Purpose: This phase II trial evaluated bevacizumab plus erlotinib in platinum-resistant ovarian cancer; exploratory biomarker analyses, including that of tumor vascular endothelial growth factor A (VEGF-A), were also done. Experimental Design: Forty heavily pretreated patients received erlotinib (150 mg/d orally) and bevacizumab (10 mg/kg i.v.) every 2 weeks until disease progression. Primary end points were objective response rate and response duration; secondary end points included progression-free survival (PFS), toxicity, and correlations between angiogenic protein levels, toxicity, and efficacy.
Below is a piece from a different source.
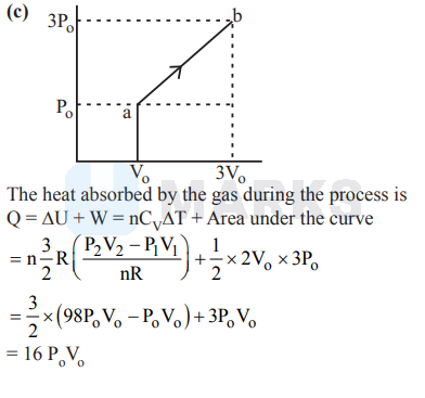 A quantity of monoatomic gas undergoes a process in which pressure is changed linearly with volume. The pressure and volume are changed from initial value $\left(\mathrm{P}_{\mathrm{o}}, \mathrm{V}_{\mathrm{o}}\right)$ to final value $\left(3 \mathrm{P}_{\mathrm{o}}, 3 \mathrm{~V}_{\mathrm{o}}\right)$. The heat absorbed by the gas during process is

Results: Grade 3 toxicities included skin rash (n = 6), diarrhea (n = 5), fatigue (n = 4), and hypertension (n = 3). Grade 4 toxicities were myocardial infarction (n = 1) and nasal septal perforation (n = 1). Only one grade 3 fistula and one grade 2 bowel perforation were observed. Nine (23.1%) of 39 evaluable patients had a response (median duration, 36.1+ weeks; one complete response), and 10 (25.6%) patients achieved stable disease, for a disease control rate of 49%. Median PFS was 4 months, and 6-month PFS was 30.8%. Biomarker analyses identified an association between tumor cell VEGF-A expression and progression (P = 0.03); for every 100-unit increase in the VEGF-A score, there was a 3.7-fold increase in the odds of progression (95% confidence interval, 1.1-16.6). Conclusions: Bevacizumab plus erlotinib in heavily pretreated ovarian cancer patients was clinically active and well tolerated. Erlotinib did not seem to contribute to efficacy. Our study raises the intriguing possibility that high levels of tumor cell VEGF-A, capable of both autocrine and paracrine interactions, are associated with resistance to bevacizumab, emphasizing the complexity of the tumor microenvironment.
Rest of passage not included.